Assigned task:
When you reach the line below that has "根据我们测算,预测2028年", start returning lines exactly, and stop after the line that has "HIGH-PERFORMANCE- The Ethernet"; skip the pictures.

Data section:
*** Begin section ***

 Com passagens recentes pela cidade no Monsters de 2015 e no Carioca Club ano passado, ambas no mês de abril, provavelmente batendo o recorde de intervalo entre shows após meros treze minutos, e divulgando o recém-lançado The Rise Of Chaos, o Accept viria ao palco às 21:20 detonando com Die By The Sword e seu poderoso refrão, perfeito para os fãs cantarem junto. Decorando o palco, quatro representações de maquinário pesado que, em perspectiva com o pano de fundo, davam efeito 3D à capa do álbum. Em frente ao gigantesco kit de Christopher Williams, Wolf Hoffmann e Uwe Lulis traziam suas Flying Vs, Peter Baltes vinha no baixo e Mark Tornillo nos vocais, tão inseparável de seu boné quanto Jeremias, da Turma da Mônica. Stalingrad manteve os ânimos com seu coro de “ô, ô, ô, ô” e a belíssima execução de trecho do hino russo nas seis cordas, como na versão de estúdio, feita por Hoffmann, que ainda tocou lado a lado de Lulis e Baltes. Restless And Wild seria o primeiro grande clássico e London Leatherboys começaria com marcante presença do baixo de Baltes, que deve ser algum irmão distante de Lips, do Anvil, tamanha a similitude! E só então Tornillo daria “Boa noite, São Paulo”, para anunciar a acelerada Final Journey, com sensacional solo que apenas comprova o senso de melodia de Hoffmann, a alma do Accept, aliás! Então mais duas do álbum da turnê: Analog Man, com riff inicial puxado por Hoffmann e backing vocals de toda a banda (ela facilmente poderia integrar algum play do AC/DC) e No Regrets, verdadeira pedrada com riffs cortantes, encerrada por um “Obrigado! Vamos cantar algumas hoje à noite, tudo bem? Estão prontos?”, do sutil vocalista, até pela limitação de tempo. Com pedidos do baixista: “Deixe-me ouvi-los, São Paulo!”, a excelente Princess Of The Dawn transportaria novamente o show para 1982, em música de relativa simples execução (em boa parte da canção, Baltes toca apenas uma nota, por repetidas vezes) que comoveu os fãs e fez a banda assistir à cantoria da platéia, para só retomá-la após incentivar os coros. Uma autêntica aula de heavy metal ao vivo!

*** End section ***
*** Begin section ***

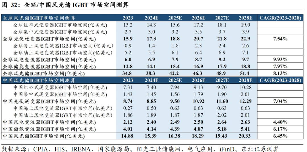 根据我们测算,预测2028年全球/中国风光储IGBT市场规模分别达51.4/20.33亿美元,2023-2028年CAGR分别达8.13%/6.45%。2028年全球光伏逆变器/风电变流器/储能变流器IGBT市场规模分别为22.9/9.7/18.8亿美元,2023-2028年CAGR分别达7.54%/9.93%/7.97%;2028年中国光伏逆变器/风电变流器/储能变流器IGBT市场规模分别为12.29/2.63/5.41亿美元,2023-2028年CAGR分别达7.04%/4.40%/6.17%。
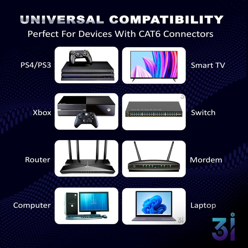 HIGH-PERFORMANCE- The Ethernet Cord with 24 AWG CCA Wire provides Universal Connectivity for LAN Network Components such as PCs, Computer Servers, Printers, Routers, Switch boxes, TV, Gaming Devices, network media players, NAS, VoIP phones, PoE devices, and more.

*** End section ***
*** Begin section ***

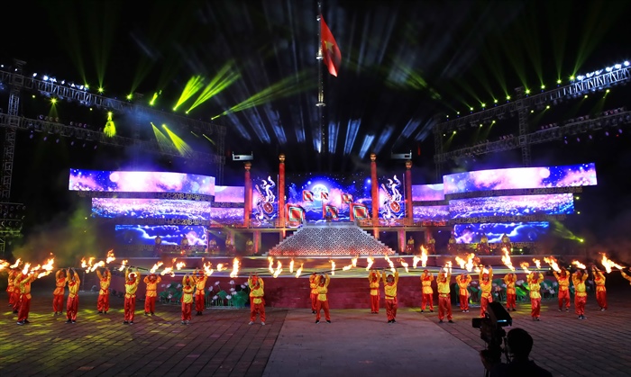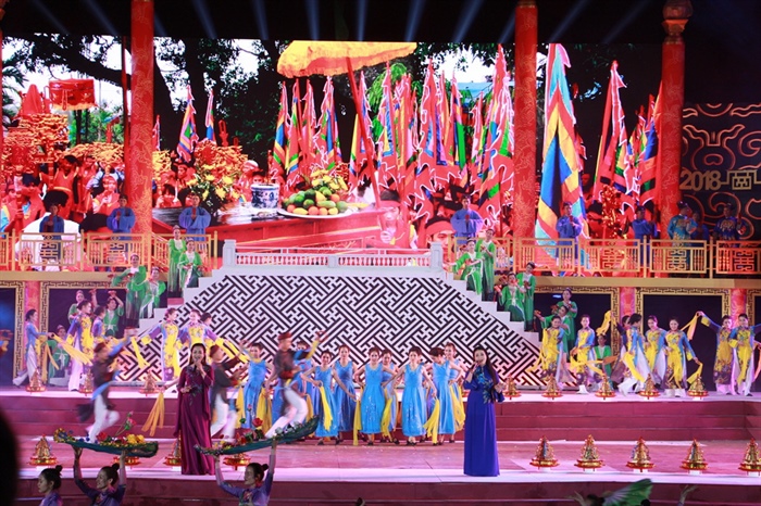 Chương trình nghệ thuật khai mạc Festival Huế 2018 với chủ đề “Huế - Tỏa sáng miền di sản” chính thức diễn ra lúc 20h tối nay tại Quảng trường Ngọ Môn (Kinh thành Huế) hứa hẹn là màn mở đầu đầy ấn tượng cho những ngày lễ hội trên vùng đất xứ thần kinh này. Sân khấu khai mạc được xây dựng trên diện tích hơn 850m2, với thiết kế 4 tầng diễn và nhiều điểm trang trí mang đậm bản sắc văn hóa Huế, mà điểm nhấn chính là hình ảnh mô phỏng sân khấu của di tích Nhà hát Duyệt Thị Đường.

*** End section ***

Output:
 根据我们测算,预测2028年全球/中国风光储IGBT市场规模分别达51.4/20.33亿美元,2023-2028年CAGR分别达8.13%/6.45%。2028年全球光伏逆变器/风电变流器/储能变流器IGBT市场规模分别为22.9/9.7/18.8亿美元,2023-2028年CAGR分别达7.54%/9.93%/7.97%;2028年中国光伏逆变器/风电变流器/储能变流器IGBT市场规模分别为12.29/2.63/5.41亿美元,2023-2028年CAGR分别达7.04%/4.40%/6.17%。
 HIGH-PERFORMANCE- The Ethernet Cord with 24 AWG CCA Wire provides Universal Connectivity for LAN Network Components such as PCs, Computer Servers, Printers, Routers, Switch boxes, TV, Gaming Devices, network media players, NAS, VoIP phones, PoE devices, and more.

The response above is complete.